Task statement: Retype all of the listing exactly, passing over any picture you find.

Source data:
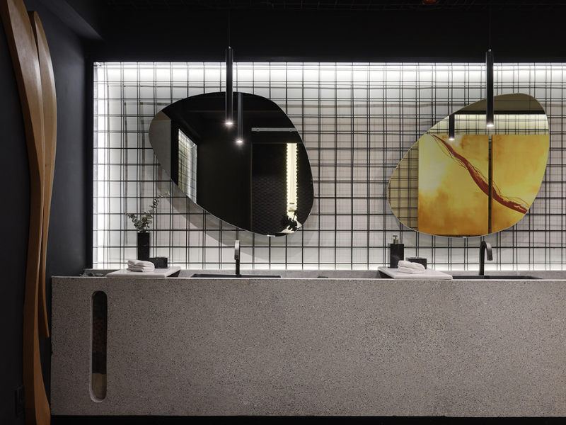 E até nos banheiros a tendência também se fez presente. No espaço Mediterrâneo em Mim, da arquiteta Hellen Pacheco Arquitetura e Design, as curvas se fizeram presente desde o arco na porta de entrada, até revestimentos, espelhos e mobiliário. As cubas com bordas arredondadas (Deca) também trazem formato orgânico para CASACOR 2023.
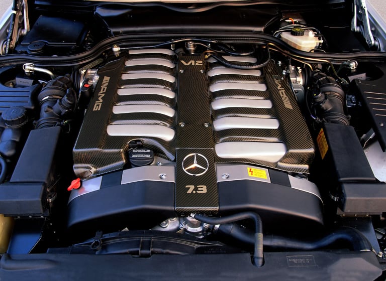 Commercialisée en toute discrétion à partir de 1999 en parallèle d’une SL 70 moins ambitieuse, la SL 73 AMG n’attirait pas l’attention du profane, à l’inverse de sa lointaine descendante, la SL 65 AMG Black Series présentée une décennie plus tard. Sa carrosserie n’était pas modifiée et ne comportait aucun appendice aérodynamique outrancier ; il fallait un œil exercé pour repérer les jantes de 18 pouces et, le cas échéant, le discret logo apposé sur la malle. En somme, une SL « comme les autres » en apparence… mais avec 525 chevaux et 750 Nm à disposition, la traditionnelle bride électronique pouvant, sur demande, être relevée de 250 à 300 km/h. Construite à seulement quarante-deux unités jusqu’en 2001, l’auto était vendue environ 1,2 million de francs, soit à peu près 280 000 euros de 2025 (à la commande, il fallait choisir une SL 600 « de base », puis l’agrémenter du package technique spécifique permettant de transformer l’engin). Abandonné par Mercedes lors de l’arrêt de production de la série 129, le 7,3 litres a cependant poursuivi son brillant parcours en animant les Pagani Zonda à partir de 2002 et jusqu’à la fin de la carrière de la supercar italienne. C’est aujourd’hui la plus chère des youngtimers à l’étoile ; en 2024, RM Sotheby’s a vendu un exemplaire de 1999 pour la modique somme de 610 000 dollars ! Mais quand on aime…
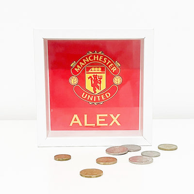 This white wood shadow box has a coin slot on top and window front to watch all your savings grow.
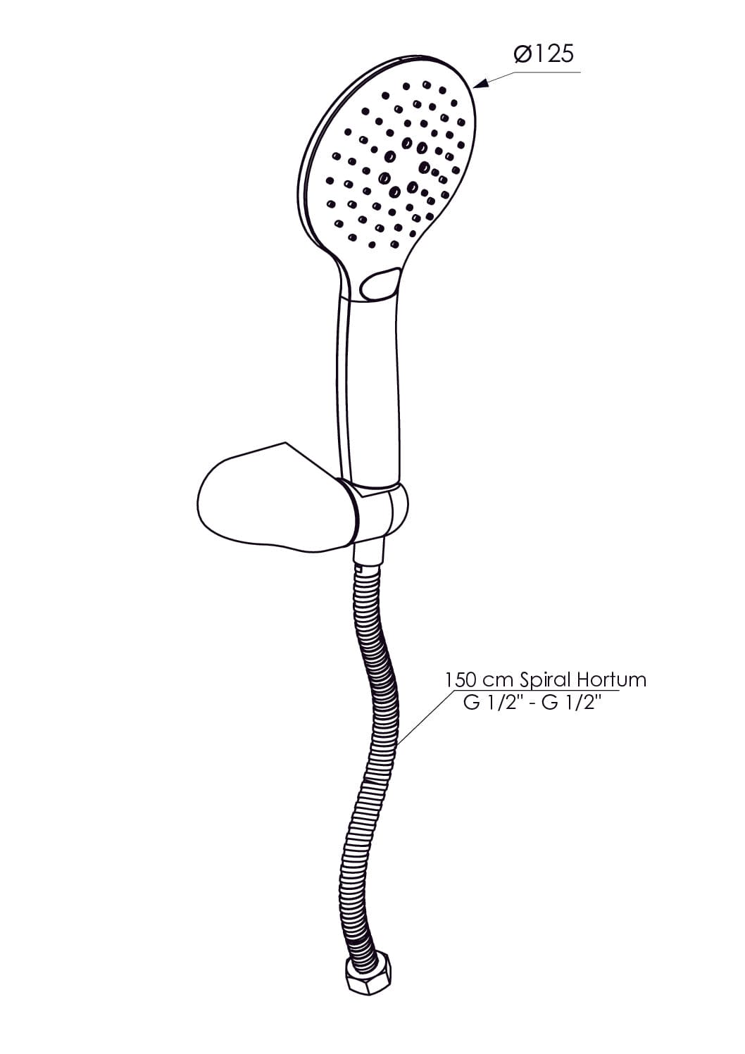 GPD Askılı Duş Seti 3 Fonksiyonlu Ø125 Siyah DST56-S

Solution for this problem:
 E até nos banheiros a tendência também se fez presente. No espaço Mediterrâneo em Mim, da arquiteta Hellen Pacheco Arquitetura e Design, as curvas se fizeram presente desde o arco na porta de entrada, até revestimentos, espelhos e mobiliário. As cubas com bordas arredondadas (Deca) também trazem formato orgânico para CASACOR 2023.
 Commercialisée en toute discrétion à partir de 1999 en parallèle d’une SL 70 moins ambitieuse, la SL 73 AMG n’attirait pas l’attention du profane, à l’inverse de sa lointaine descendante, la SL 65 AMG Black Series présentée une décennie plus tard. Sa carrosserie n’était pas modifiée et ne comportait aucun appendice aérodynamique outrancier ; il fallait un œil exercé pour repérer les jantes de 18 pouces et, le cas échéant, le discret logo apposé sur la malle. En somme, une SL « comme les autres » en apparence… mais avec 525 chevaux et 750 Nm à disposition, la traditionnelle bride électronique pouvant, sur demande, être relevée de 250 à 300 km/h. Construite à seulement quarante-deux unités jusqu’en 2001, l’auto était vendue environ 1,2 million de francs, soit à peu près 280 000 euros de 2025 (à la commande, il fallait choisir une SL 600 « de base », puis l’agrémenter du package technique spécifique permettant de transformer l’engin). Abandonné par Mercedes lors de l’arrêt de production de la série 129, le 7,3 litres a cependant poursuivi son brillant parcours en animant les Pagani Zonda à partir de 2002 et jusqu’à la fin de la carrière de la supercar italienne. C’est aujourd’hui la plus chère des youngtimers à l’étoile ; en 2024, RM Sotheby’s a vendu un exemplaire de 1999 pour la modique somme de 610 000 dollars ! Mais quand on aime…
 This white wood shadow box has a coin slot on top and window front to watch all your savings grow.
 GPD Askılı Duş Seti 3 Fonksiyonlu Ø125 Siyah DST56-S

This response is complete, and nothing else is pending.